Apr
27
Date: 27-April-2026
Time: 12:00 PM ET (New York Time)
Presenter: Dr. Abbas Yazdinejad
Based on the IEEE Xplore® article under the same title
Published IEEE Transactions on Information Forensics and Security, June 2024.
Download article: Original article will be made publicly available for download on the day of the webinar for 48 hours. ARTICLE LINK
Abstract
Federated learning enables collaborative model training without direct data sharing, offering an important layer of privacy for distributed machine learning systems. However, federated learning remains vulnerable to model poisoning attacks, where malicious participants submit manipulated updates to degrade model performance. These risks become more severe in privacy-preserving settings, where encrypted gradients limit the applicability of traditional defense mechanisms and complicate anomaly detection, especially under heterogeneous data distributions.
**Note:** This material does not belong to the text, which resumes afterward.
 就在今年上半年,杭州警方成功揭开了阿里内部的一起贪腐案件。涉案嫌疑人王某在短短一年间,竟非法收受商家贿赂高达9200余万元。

This talk presents a robust privacy-preserving federated learning framework designed to defend against model poisoning attacks while maintaining efficiency and model accuracy. The proposed approach introduces an internal auditing mechanism capable of analyzing encrypted gradients without exposing sensitive information. By combining additive homomorphic encryption with statistical modeling techniques, the system distinguishes benign and malicious updates even in non-independent and non-identically distributed environments. The framework incorporates probabilistic clustering and distance-based analysis to support Byzantine-tolerant aggregation while minimizing computational and communication overhead. Experimental results across multiple datasets demonstrate that the proposed method significantly improves robustness against both targeted and untargeted poisoning attacks, achieving strong accuracy, scalability, and privacy guarantees. This work highlights how carefully designed encrypted analytics can strengthen the security of federated learning systems without sacrificing practicality.
Biography
Abbas Yazdinejad received the Ph.D. in computational sciences – cybersecurity from the University of Guelph in Canada in 2024.
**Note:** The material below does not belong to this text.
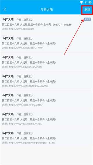 6、在显示的书源中选择一个切换即可,点击右上角的【刷新】还可以查看有没有其他新书源。
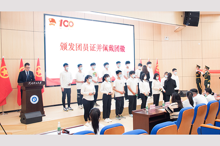 仪式在庄严的国歌中拉开序幕。老团员代表为新团员颁发团员证、佩戴团徽,新团员进行了入团宣誓,新团员代表、老团员代表分别进行了交流发言。校团委书记支光辉代表学校团委向全校广大青年致以节日的问候。他向全体团员青年提出三点希望和要求:一是厚植家国情怀,树立远大理想。希望广大团员青年要厚植家国情怀,把个人理想自觉融入国家发展伟业,把爱国情、强国志、报国行融入实现中华民族伟大复兴的奋斗之中,扎根人民,奉献国家。二是站稳人民立场,担当时代责任。希望广大团员青年要继续发扬奉献祖国、服务人民的优秀品质,用脚步丈量祖国大地,用眼睛发现中国精神,用耳朵倾听人民呼声,用内心感应时代脉搏,把对祖国血浓于水、与人民同呼吸共命运的情感贯穿学业全过程、融汇在事业追求中,努力成长为堪当民族复兴重任的时代新人。三是矢志永久奋斗,实现人生价值。广大团员青年正处在最有求知欲、最有创造力的黄金时期,希望广大团员青年永葆创新激情,投身创新创造实践,增加知识储备,提升专业能力,坚持知行合一,真抓实干,在不断奋斗中实现人生价值。

He is currently an Assistant Professor in the Department of Computer Science at the University of Regina, SK, Canada and Director of the Decentralized Cybersecurity & Artificial Intelligence Lab (DCAILab). He is also a Balsillie Scholar at the Balsillie School of International Affairs (BSIA), Waterloo, Canada. His research focuses on advanced AI-driven cybersecurity and trustworthy intelligent systems, with particular emphasis on Agentic AI, autonomous cyber defense, privacy-preserving and federated learning, and AI governance.
Dr. Yazdinejad has been recognized among the World’s Top 2% Scientists (Stanford University ranking). He has made sustained contributions across AI, machine learning, cybersecurity, and decentralized systems, blockchain, IoT with extensive publications in leading IEEE, Elsevier, and Springer venues. His work bridges theory and practice, addressing real-world challenges in critical infrastructure, healthcare, and public-sector governance through secure, accountable, and scalable AI systems.